The retreat from local highs was triggered by renewed fears that the economic slowdown would hurt fuel demand
Oil prices fell abruptly to finish nearly 5% lower on Tuesday as demand concerns reemerged after a brief pause. Brent crude peaked at one-month highs in the $103.50 area to plunge back below $100 a barrel as a result of an aggressive sell-off. On Wednesday, oil futures struggle for direction, holding below $99 a barrel ahead of the European session.
The retreat from local highs was triggered by renewed fears that the economic slowdown would hurt fuel demand globally as major central banks continue to focus on aggressive policy tightening to tame inflation. Last week, US Federal Reserve Chairman Jerome Powell reiterated a pledge to forcefully combat inflation. Meanwhile, as Germany’s inflation rate rose to a record high in August, calls for a big interest-rate hike by the ECB rose substantially.

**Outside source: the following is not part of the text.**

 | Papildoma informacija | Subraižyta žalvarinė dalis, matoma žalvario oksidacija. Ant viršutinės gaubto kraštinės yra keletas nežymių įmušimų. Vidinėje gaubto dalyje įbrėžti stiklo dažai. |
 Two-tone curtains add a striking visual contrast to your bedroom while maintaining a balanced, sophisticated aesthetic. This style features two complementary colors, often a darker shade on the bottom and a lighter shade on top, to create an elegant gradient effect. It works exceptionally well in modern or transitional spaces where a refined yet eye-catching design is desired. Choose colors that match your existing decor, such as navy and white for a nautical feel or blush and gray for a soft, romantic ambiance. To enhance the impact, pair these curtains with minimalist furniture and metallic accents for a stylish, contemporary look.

In industry news, data from the American Petroleum Institute showed crude stocks rose by nearly 600,000 barrels last week, against estimates of a drop of around 1.5 million barrels. On the positive side, weekly gasoline inventories fell by about 3.4 million barrels, while distillate stocks declined by about 1.7 million barrels. Now, focus shifts to the EIA official report due later today. Should the figures reveal a decline in crude inventories, the release may give a short-lived lift to oil prices.

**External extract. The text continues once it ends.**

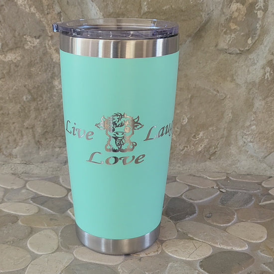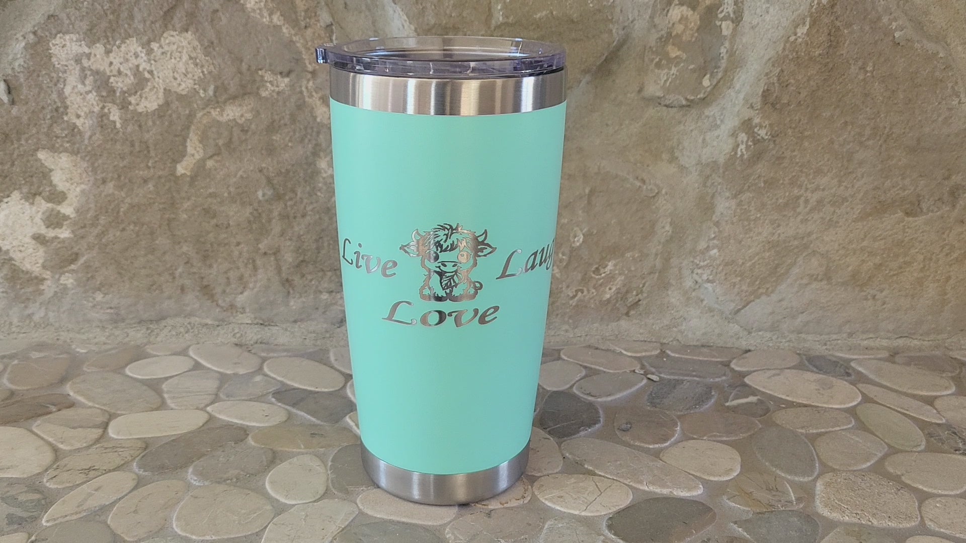20 oz. stainless steel Tumbler. laser engraved with seasonal decorum.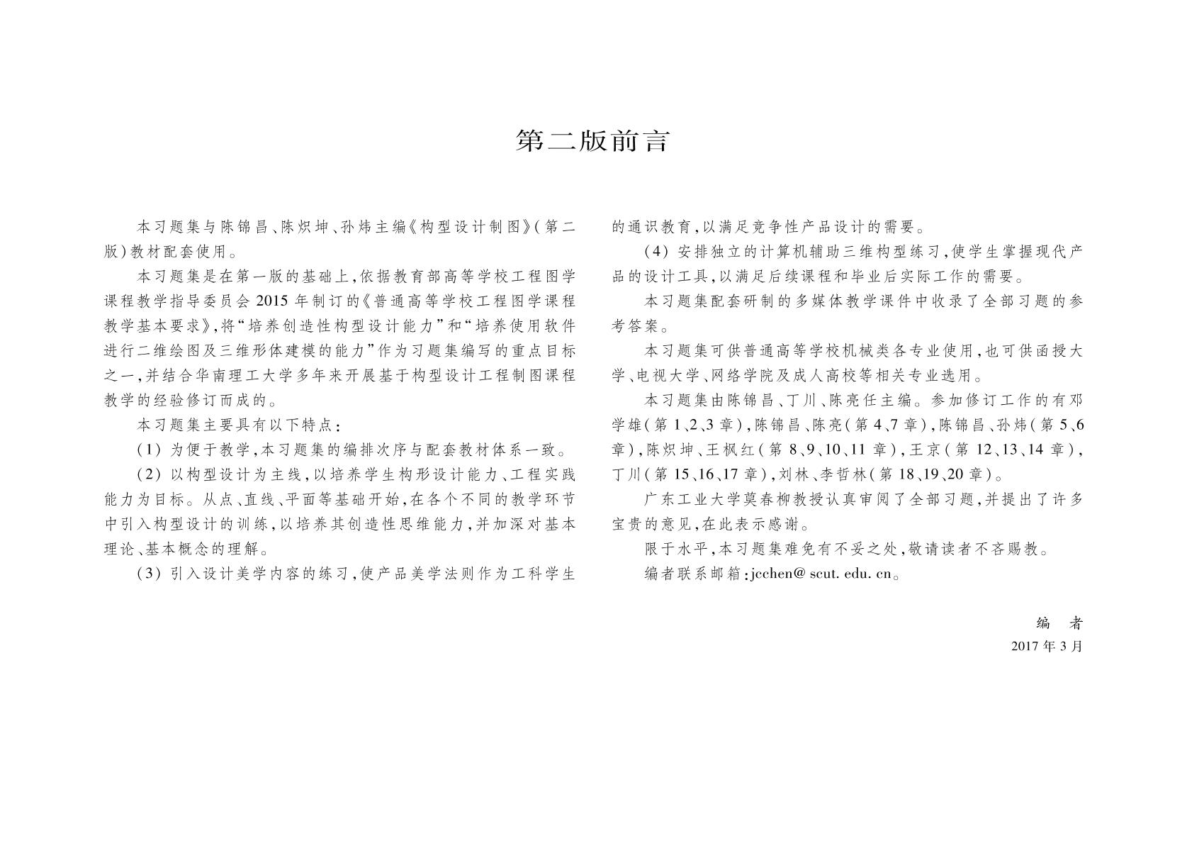 本习题集与陈锦昌、陈炽坤、孙炜主编《构型设计制图》(第二版)教材配套使用。本套教材以构型设计为主线,将构型设计的训练贯穿于工程制图课程的各个环节,在教学实践中通过手工二维绘图(视图及轴测图)、计算机三维建模软件的三维造型功能培养学生的构型设计能力。 本习题集主要内容包括:工程制图国家标准简介、工程制图的基本概念、工程制图的基本方法、点的投影、直线的投影、平面的投影、立体的投影、构型设计的美学基础、构型设计的基本方法、组合体构型及表达、组合体的尺寸标注、形体的视图表示、形体的剖视图表示、形体的断面图表示、标准件及常用件表示、零件表示、部件表示、计算机造型基础知识、三维特征造型方法、装配体等。 本习题集可作为普通高等学校机械类各专业工程制图课程的教材,也可供函授大学、电视大学、网络学院及成人高校等相关专业选用。 |

Technically, the near-term picture has deteriorated after another break below the $100 psychological level that represents the immediate upside target at this stage. On the downside, Brent crude needs to hold above $96 a barrel in order to avoid a deeper sell-off in the coming days. In the near-term, Iran’s potential reemergence on the market is likely to be a drag on prices along with hawkish central banks.